Work order:
Leave out the pictures and reproduce all of the data exactly.

Given information:
◆ ◆ ◆ ◆ ◆
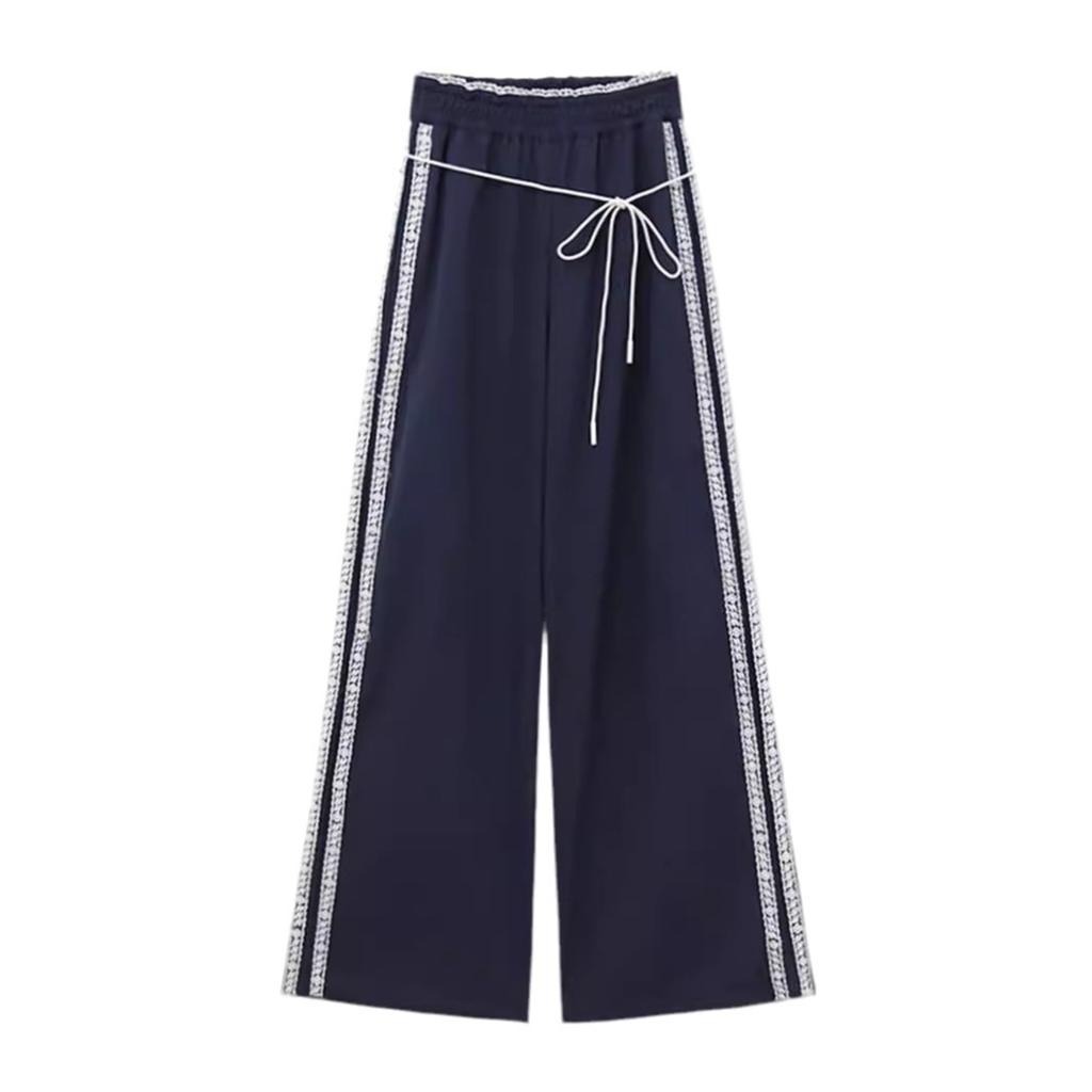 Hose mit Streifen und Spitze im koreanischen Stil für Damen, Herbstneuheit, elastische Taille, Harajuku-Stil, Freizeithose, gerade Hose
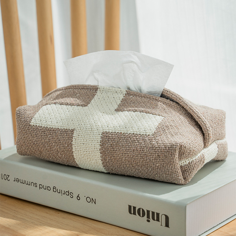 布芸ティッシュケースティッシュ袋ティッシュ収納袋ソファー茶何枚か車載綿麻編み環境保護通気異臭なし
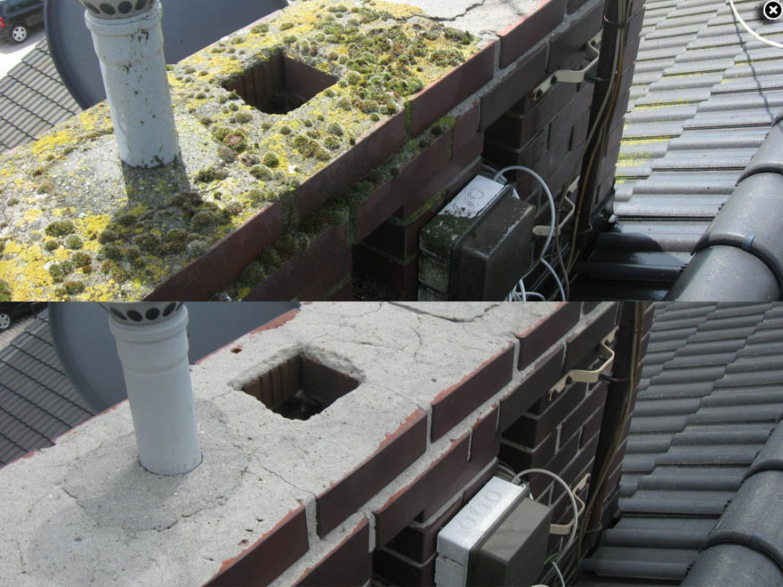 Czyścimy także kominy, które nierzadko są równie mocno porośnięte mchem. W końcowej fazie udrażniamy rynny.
◆ ◆ ◆ ◆ ◆
Problem solution:
 Hose mit Streifen und Spitze im koreanischen Stil für Damen, Herbstneuheit, elastische Taille, Harajuku-Stil, Freizeithose, gerade Hose
 布芸ティッシュケースティッシュ袋ティッシュ収納袋ソファー茶何枚か車載綿麻編み環境保護通気異臭なし
 Czyścimy także kominy, które nierzadko są równie mocno porośnięte mchem. W końcowej fazie udrażniamy rynny.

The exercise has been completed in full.